Following the Six-Day War in June 1967, the poet and writer Mourid Barghouti, then in his early 20s and a university student in Cairo, found himself summarily exiled from Palestine, where he had been born in 1944 near Ramallah in the West Bank. Following decades of living in different cities and countries, he returned briefly to his homeland in 1996; the outcome was the extraordinary and humbling memoir I Saw Ramallah (newly reissued by Daunt, £9.99, in its original subtle translation by Adhaf Soueif and with a foreword by the late Edward Said).

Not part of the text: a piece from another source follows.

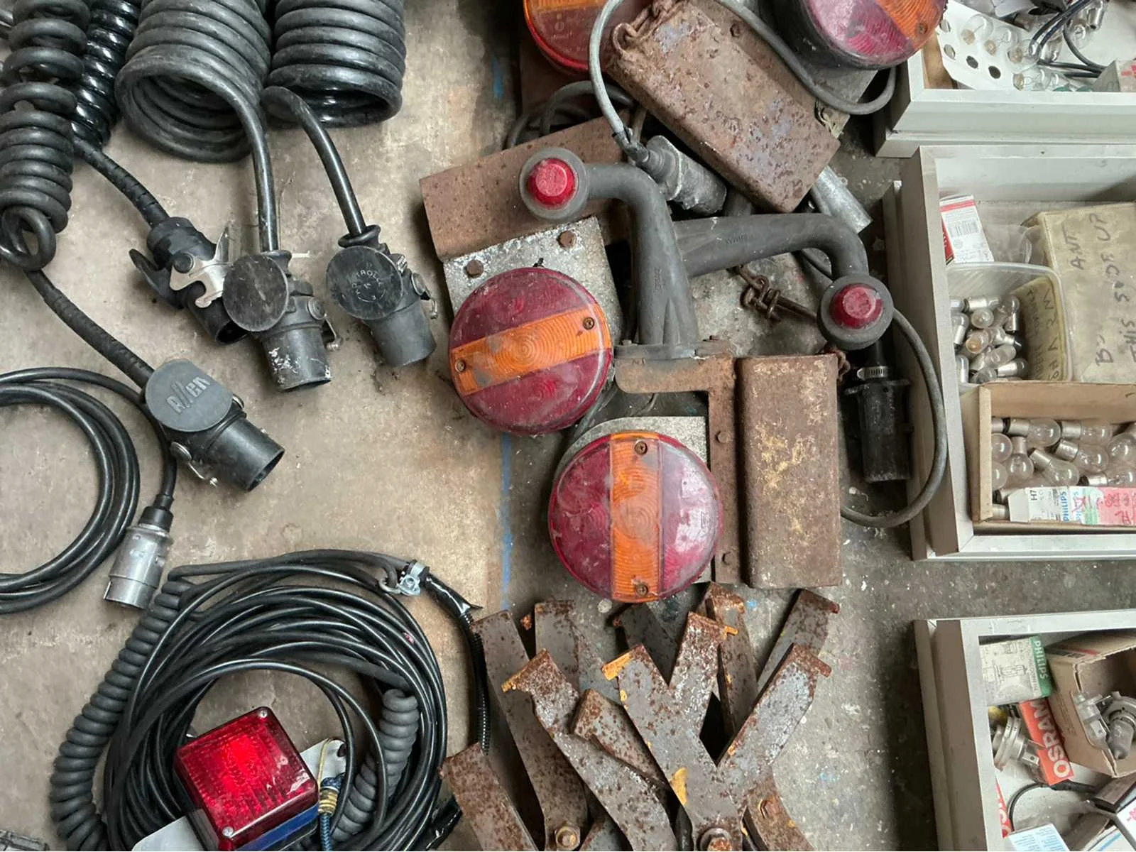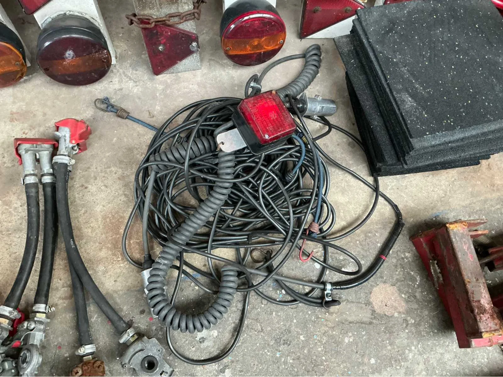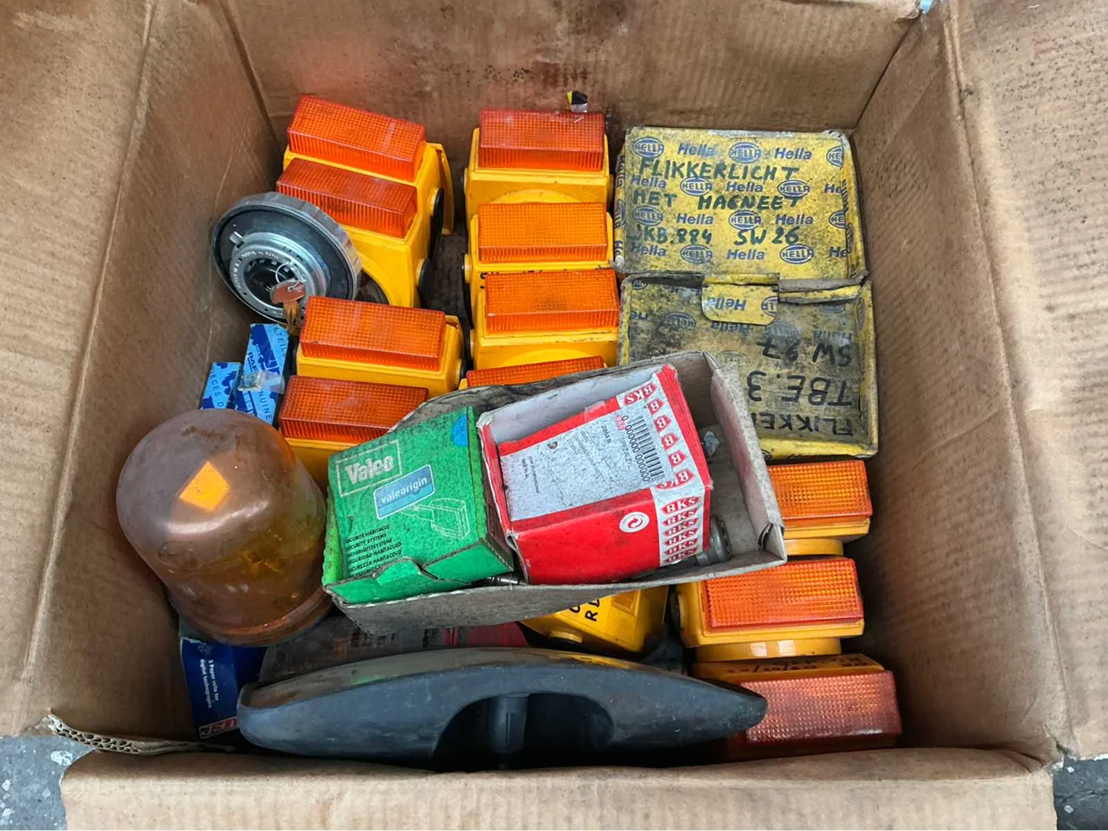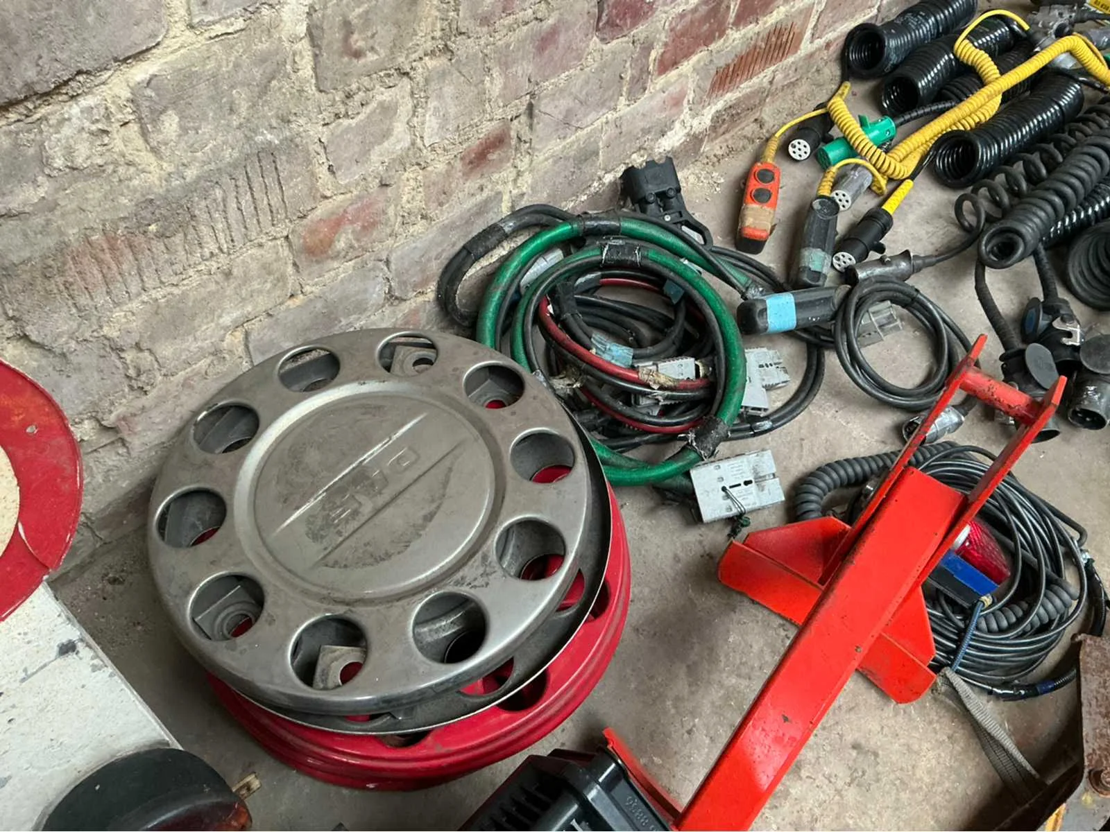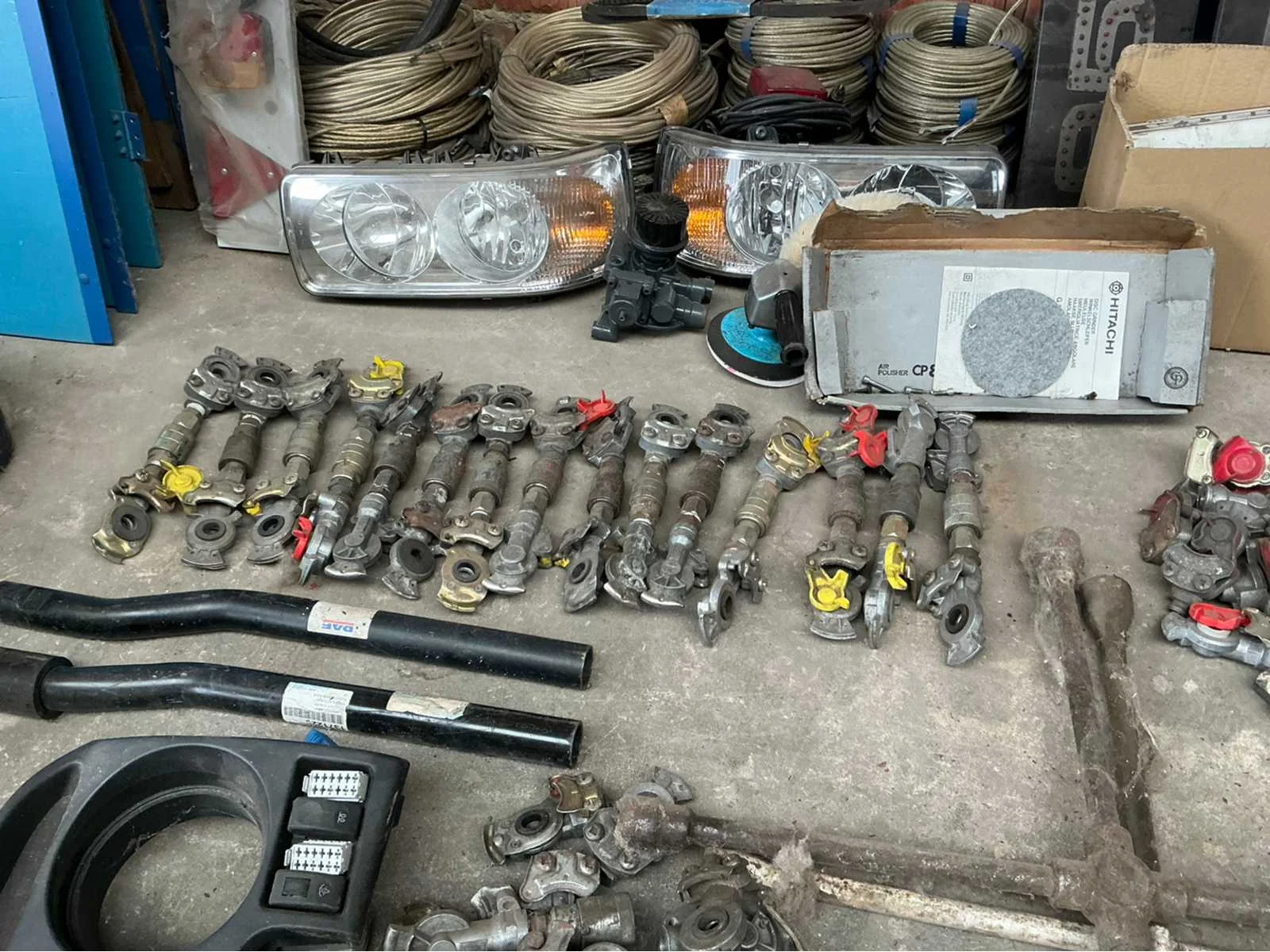 Groot lot vrachtwagen onderdelen waaronder lichten, filters, kabels en slangen, spanners, containervergrendelingen, luchtkoppelingen, ventielen, kentekenplaathouders,… Nee

The book – one of the most essential for our times - is less a political memoir than a poet’s lyrical, deeply personal, sensual meditation on exile and belonging. What Barghouti encounters is both familiar and unrecognisable, yet he seems to forensically, mentally examine each place, each rock, each tree to in order to unlock something he can hold on to.
The past returns forcefully, thick and fast: " … in my teenage years, I learnt to tango. In al-Anqar billiard hall I learnt to play snooker. In Ramallah I started to try my hand at poetry and in the Walid and Dunya and Jamil cinemas I grew to love movies. Also: “And in Ramallah I came to know demonstrations for the first time in my life.”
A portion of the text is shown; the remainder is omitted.